- [COLLECTED MATERIAL]
▼▼▼

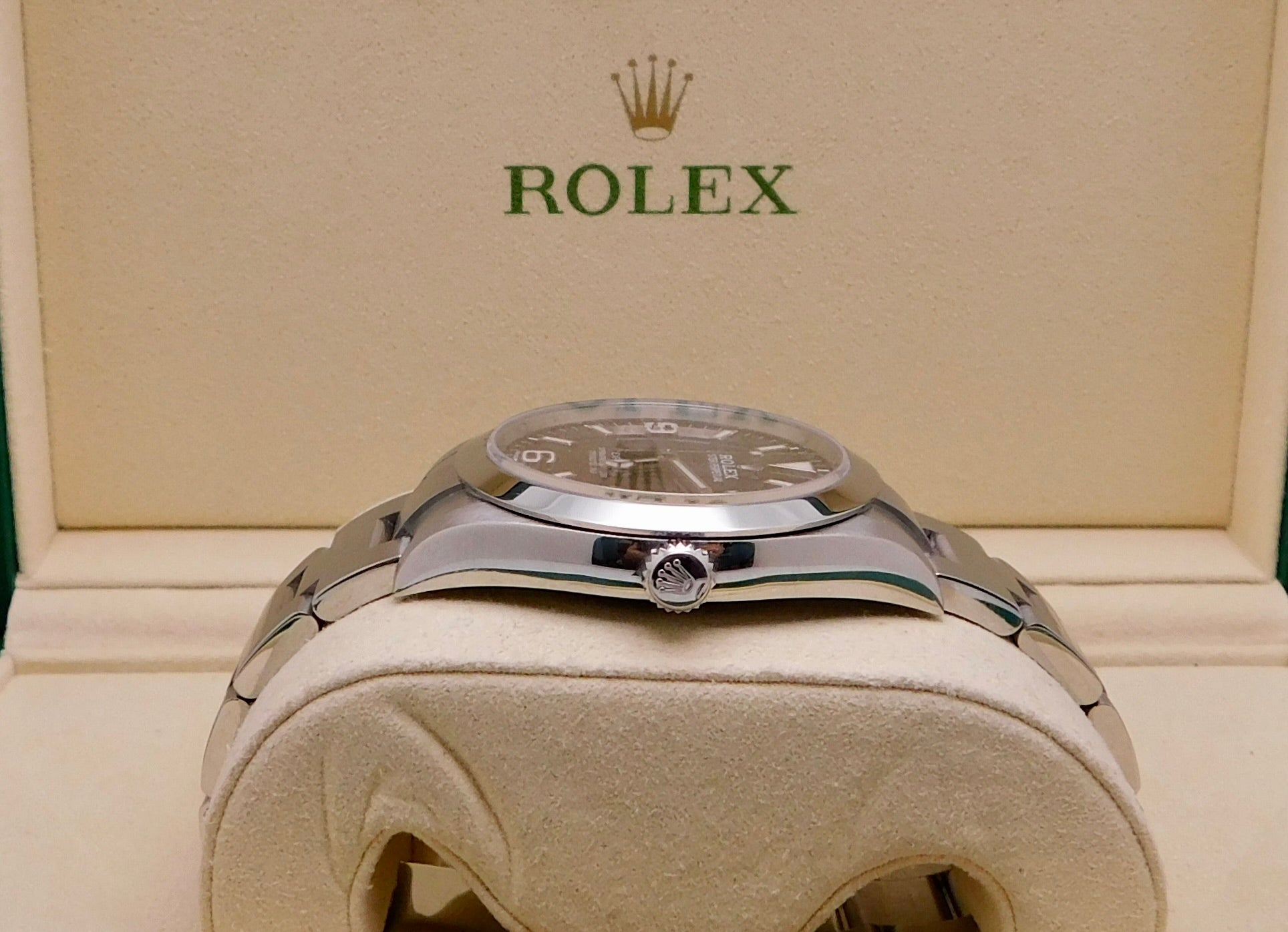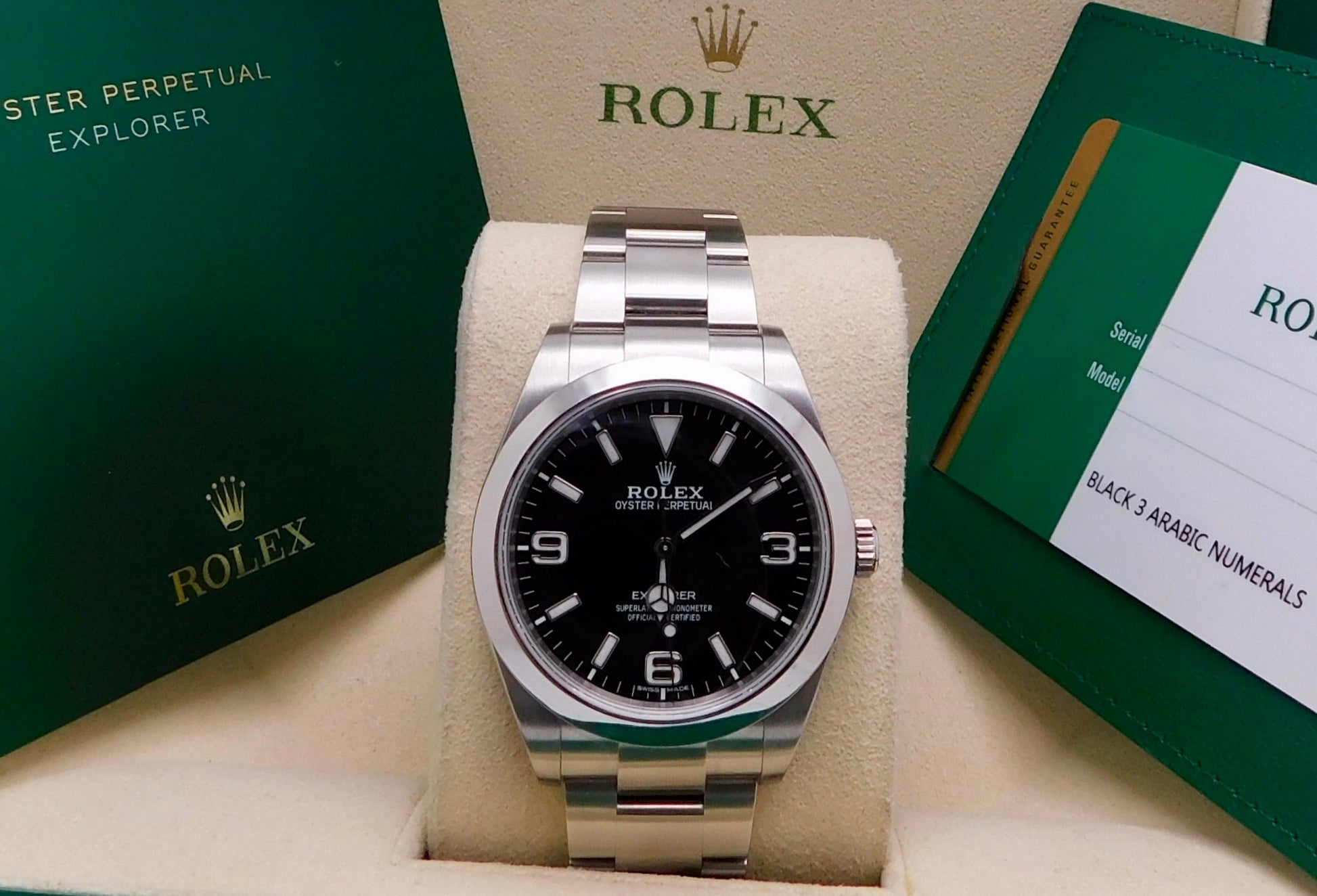 - Model: Explorer Reference Number: 214270Gender: Men’sMetal: Stainless SteelCase Size: 39.00mmWrist Size: Please contact us prior to purchasing this item if the removal of links is necessary.Movement: Original Rolex Swiss Automatic Movement.Crystal: Original Rolex Scratch-Resistant Sapphire.Dial: Original Rolex Black Dial.Bezel: Original Rolex Stainless Steel Smooth Bezel.Band: Original Rolex Stainless Steel Oyster Band.Box: YESPapers: YES
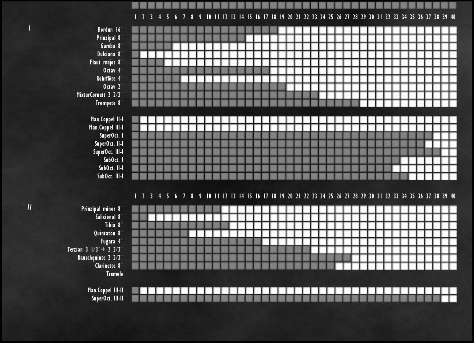 Combinaisons fixes : P, MF, F, FF, Tutti, Ausloser, Streicherchor, Zungenchor.
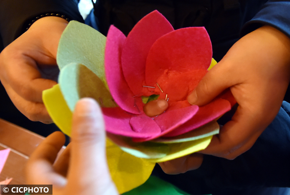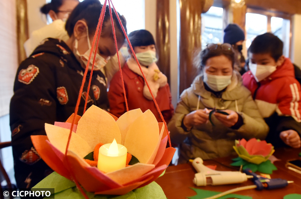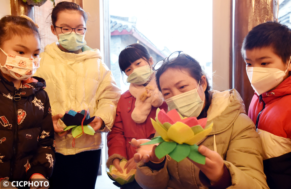 2022年2月9日,小朋友在江苏省扬州市古城仁丰里历史文化街区内,学习制作传统的民俗莲花灯。CICPHOTO/庄文斌 摄
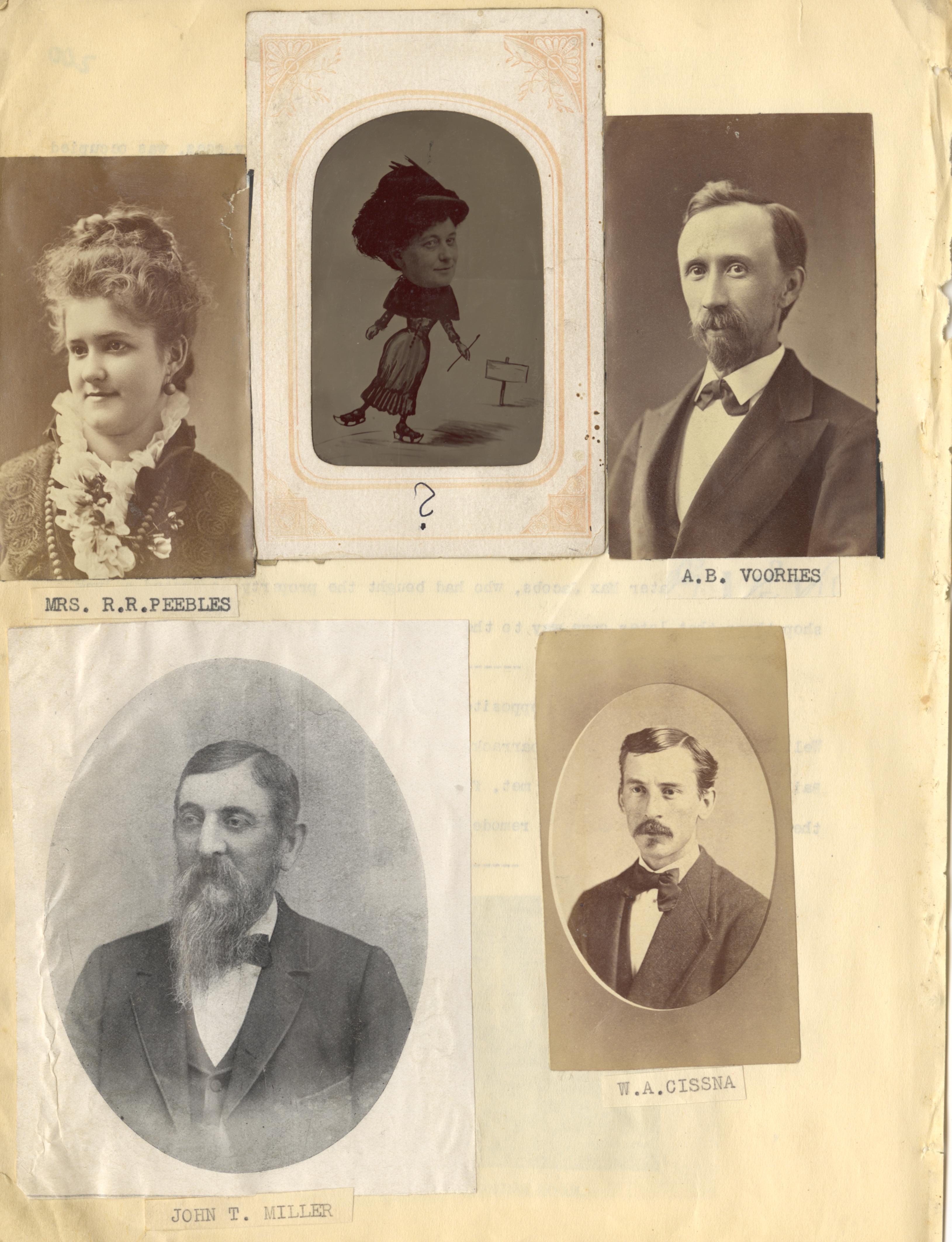 - Photo image of scanned scrapbook page. Mrs. R.R. Peebles; A.B. Voorhes; John T. Miller; W.A. Cissna; Unidentified Woman

▲▲▲

- [EXERCISE GOAL] Pictures do not go in the copy. Write out exactly the lines from the line containing "Ausloser, Streicherchor, Zungenchor." through the last line of the listing.

- [ANSWER TO THE PROBLEM]
 Combinaisons fixes : P, MF, F, FF, Tutti, Ausloser, Streicherchor, Zungenchor.
 2022年2月9日,小朋友在江苏省扬州市古城仁丰里历史文化街区内,学习制作传统的民俗莲花灯。CICPHOTO/庄文斌 摄
 - Photo image of scanned scrapbook page. Mrs. R.R. Peebles; A.B. Voorhes; John T. Miller; W.A. Cissna; Unidentified Woman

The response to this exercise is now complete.